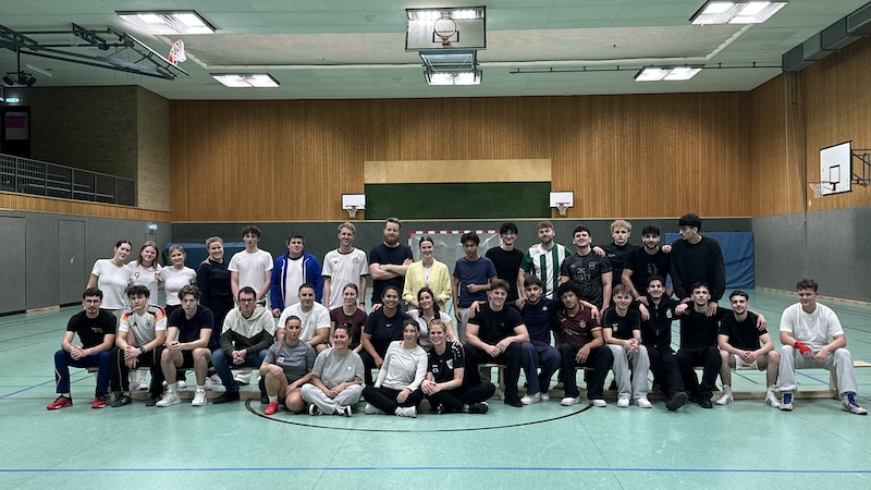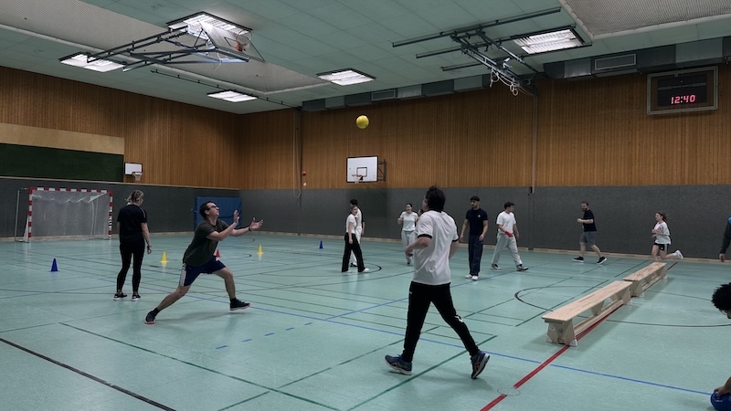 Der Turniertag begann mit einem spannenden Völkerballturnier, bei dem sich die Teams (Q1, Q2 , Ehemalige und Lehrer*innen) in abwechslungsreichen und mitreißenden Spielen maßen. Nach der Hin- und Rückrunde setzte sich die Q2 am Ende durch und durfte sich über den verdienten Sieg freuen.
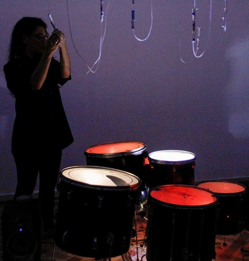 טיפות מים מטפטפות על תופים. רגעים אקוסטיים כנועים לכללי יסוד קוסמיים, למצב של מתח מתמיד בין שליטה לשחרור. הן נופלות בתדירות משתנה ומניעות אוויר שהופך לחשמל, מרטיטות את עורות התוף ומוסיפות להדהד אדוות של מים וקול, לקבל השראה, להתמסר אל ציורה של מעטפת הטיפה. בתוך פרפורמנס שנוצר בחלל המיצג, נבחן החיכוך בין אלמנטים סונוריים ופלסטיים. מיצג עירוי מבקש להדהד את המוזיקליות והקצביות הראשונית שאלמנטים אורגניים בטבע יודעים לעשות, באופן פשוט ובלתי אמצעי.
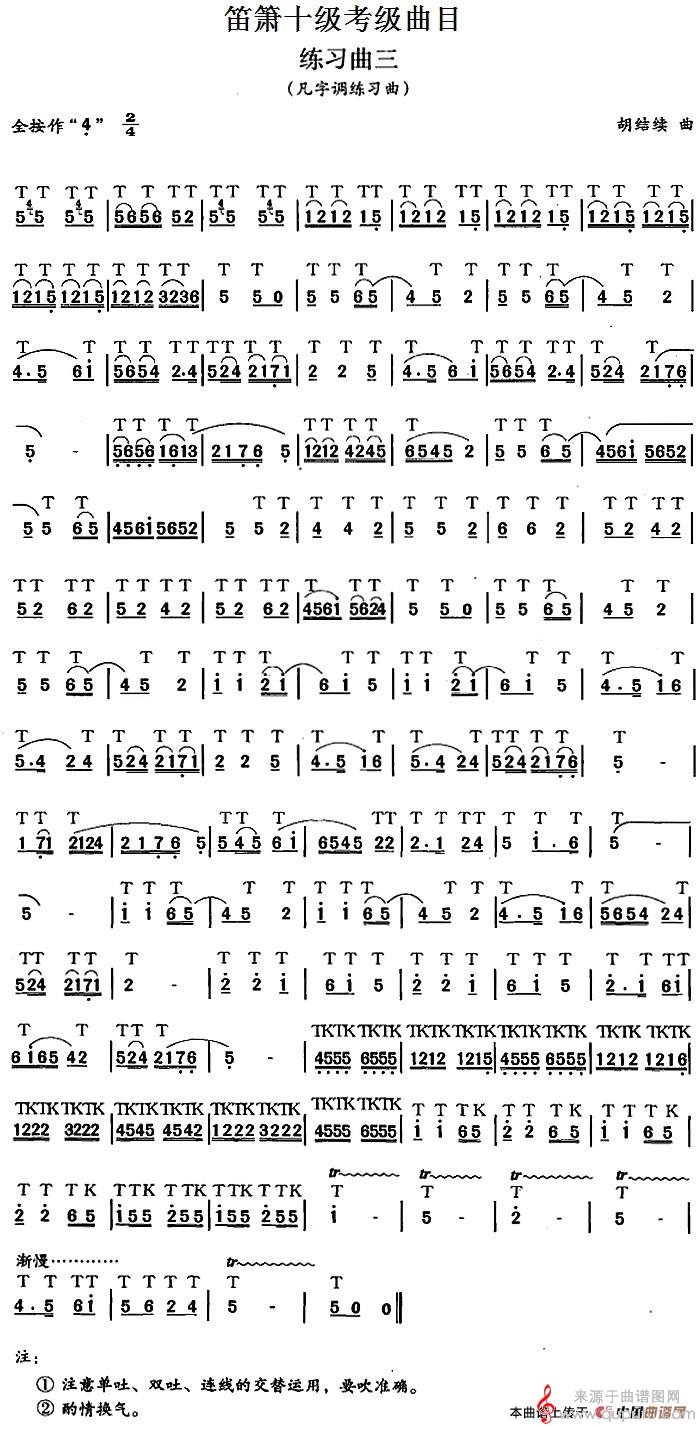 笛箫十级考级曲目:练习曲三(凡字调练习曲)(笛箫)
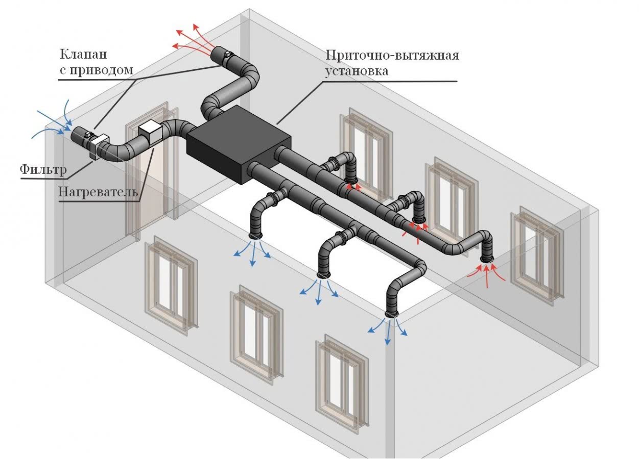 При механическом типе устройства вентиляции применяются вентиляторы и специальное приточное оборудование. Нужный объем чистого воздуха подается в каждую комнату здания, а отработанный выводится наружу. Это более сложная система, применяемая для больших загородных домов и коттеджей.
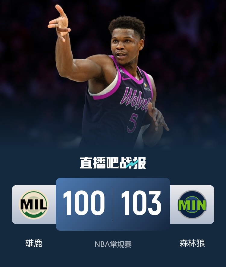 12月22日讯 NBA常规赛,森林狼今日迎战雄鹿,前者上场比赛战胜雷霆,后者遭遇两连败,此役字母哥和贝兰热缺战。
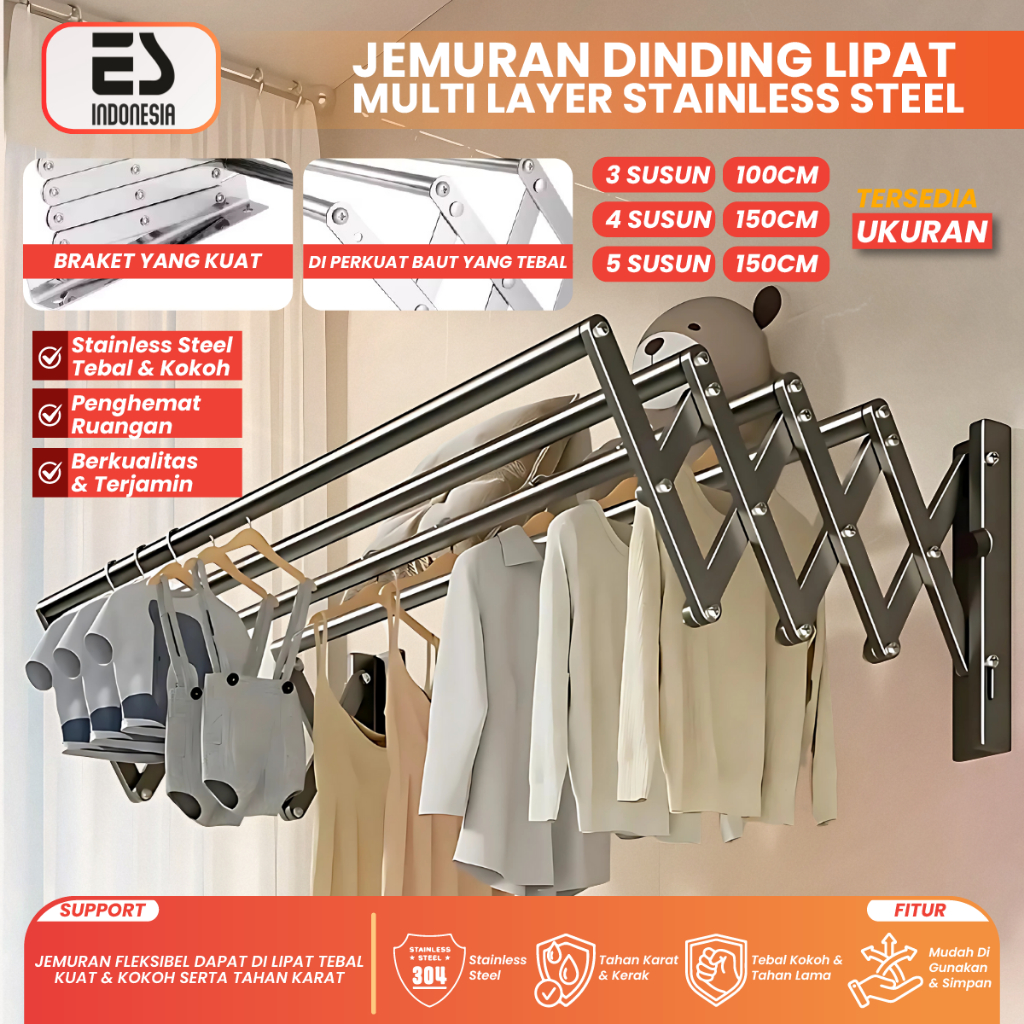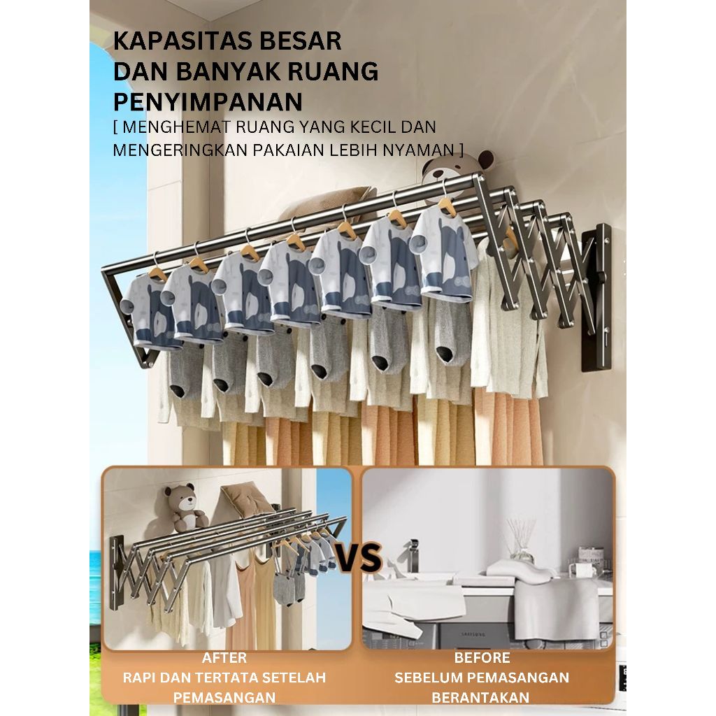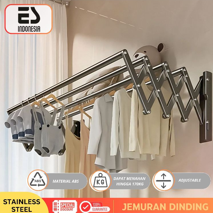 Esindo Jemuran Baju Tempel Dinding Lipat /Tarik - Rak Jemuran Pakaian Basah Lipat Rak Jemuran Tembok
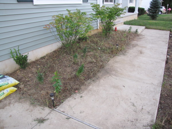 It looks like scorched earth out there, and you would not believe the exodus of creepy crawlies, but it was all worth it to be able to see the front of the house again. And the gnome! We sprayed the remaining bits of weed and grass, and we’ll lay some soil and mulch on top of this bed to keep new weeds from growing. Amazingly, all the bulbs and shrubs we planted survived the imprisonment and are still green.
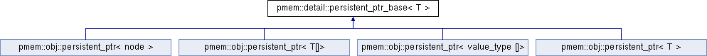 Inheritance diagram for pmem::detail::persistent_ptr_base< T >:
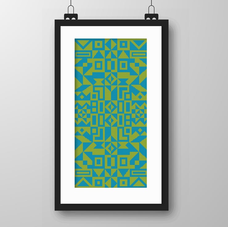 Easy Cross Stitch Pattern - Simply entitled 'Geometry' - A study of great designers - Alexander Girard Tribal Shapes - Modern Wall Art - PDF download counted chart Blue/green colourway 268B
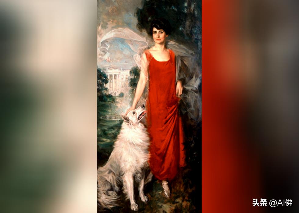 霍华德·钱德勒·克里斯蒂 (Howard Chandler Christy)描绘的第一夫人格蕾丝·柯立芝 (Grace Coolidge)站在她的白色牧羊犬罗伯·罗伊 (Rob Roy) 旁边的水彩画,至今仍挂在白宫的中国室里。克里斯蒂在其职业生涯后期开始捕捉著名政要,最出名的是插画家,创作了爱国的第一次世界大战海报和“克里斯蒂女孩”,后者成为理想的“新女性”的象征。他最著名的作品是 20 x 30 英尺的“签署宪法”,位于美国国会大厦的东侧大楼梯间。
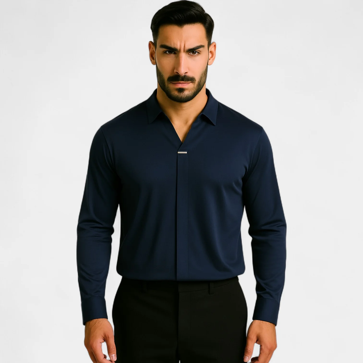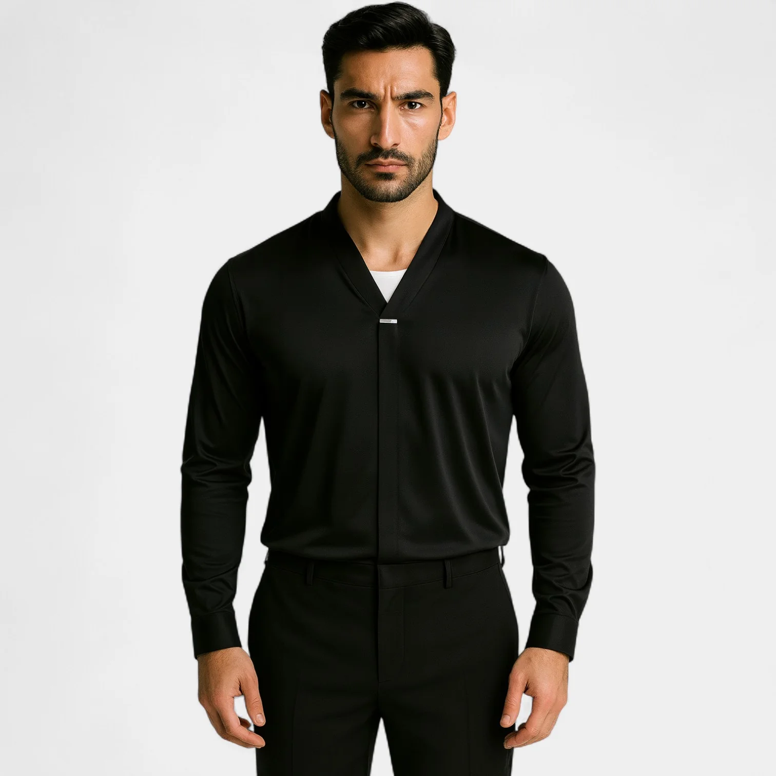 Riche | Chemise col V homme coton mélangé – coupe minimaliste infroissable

▸ **Prompt**
The data is to be restated word for word, with any pictures set aside.

▸ **Finished task**
 Der Turniertag begann mit einem spannenden Völkerballturnier, bei dem sich die Teams (Q1, Q2 , Ehemalige und Lehrer*innen) in abwechslungsreichen und mitreißenden Spielen maßen. Nach der Hin- und Rückrunde setzte sich die Q2 am Ende durch und durfte sich über den verdienten Sieg freuen.
 טיפות מים מטפטפות על תופים. רגעים אקוסטיים כנועים לכללי יסוד קוסמיים, למצב של מתח מתמיד בין שליטה לשחרור. הן נופלות בתדירות משתנה ומניעות אוויר שהופך לחשמל, מרטיטות את עורות התוף ומוסיפות להדהד אדוות של מים וקול, לקבל השראה, להתמסר אל ציורה של מעטפת הטיפה. בתוך פרפורמנס שנוצר בחלל המיצג, נבחן החיכוך בין אלמנטים סונוריים ופלסטיים. מיצג עירוי מבקש להדהד את המוזיקליות והקצביות הראשונית שאלמנטים אורגניים בטבע יודעים לעשות, באופן פשוט ובלתי אמצעי.
 笛箫十级考级曲目:练习曲三(凡字调练习曲)(笛箫)
 При механическом типе устройства вентиляции применяются вентиляторы и специальное приточное оборудование. Нужный объем чистого воздуха подается в каждую комнату здания, а отработанный выводится наружу. Это более сложная система, применяемая для больших загородных домов и коттеджей.
 12月22日讯 NBA常规赛,森林狼今日迎战雄鹿,前者上场比赛战胜雷霆,后者遭遇两连败,此役字母哥和贝兰热缺战。
 Esindo Jemuran Baju Tempel Dinding Lipat /Tarik - Rak Jemuran Pakaian Basah Lipat Rak Jemuran Tembok
 It looks like scorched earth out there, and you would not believe the exodus of creepy crawlies, but it was all worth it to be able to see the front of the house again. And the gnome! We sprayed the remaining bits of weed and grass, and we’ll lay some soil and mulch on top of this bed to keep new weeds from growing. Amazingly, all the bulbs and shrubs we planted survived the imprisonment and are still green.
 Inheritance diagram for pmem::detail::persistent_ptr_base< T >:
 Easy Cross Stitch Pattern - Simply entitled 'Geometry' - A study of great designers - Alexander Girard Tribal Shapes - Modern Wall Art - PDF download counted chart Blue/green colourway 268B
 霍华德·钱德勒·克里斯蒂 (Howard Chandler Christy)描绘的第一夫人格蕾丝·柯立芝 (Grace Coolidge)站在她的白色牧羊犬罗伯·罗伊 (Rob Roy) 旁边的水彩画,至今仍挂在白宫的中国室里。克里斯蒂在其职业生涯后期开始捕捉著名政要,最出名的是插画家,创作了爱国的第一次世界大战海报和“克里斯蒂女孩”,后者成为理想的“新女性”的象征。他最著名的作品是 20 x 30 英尺的“签署宪法”,位于美国国会大厦的东侧大楼梯间。
 Riche | Chemise col V homme coton mélangé – coupe minimaliste infroissable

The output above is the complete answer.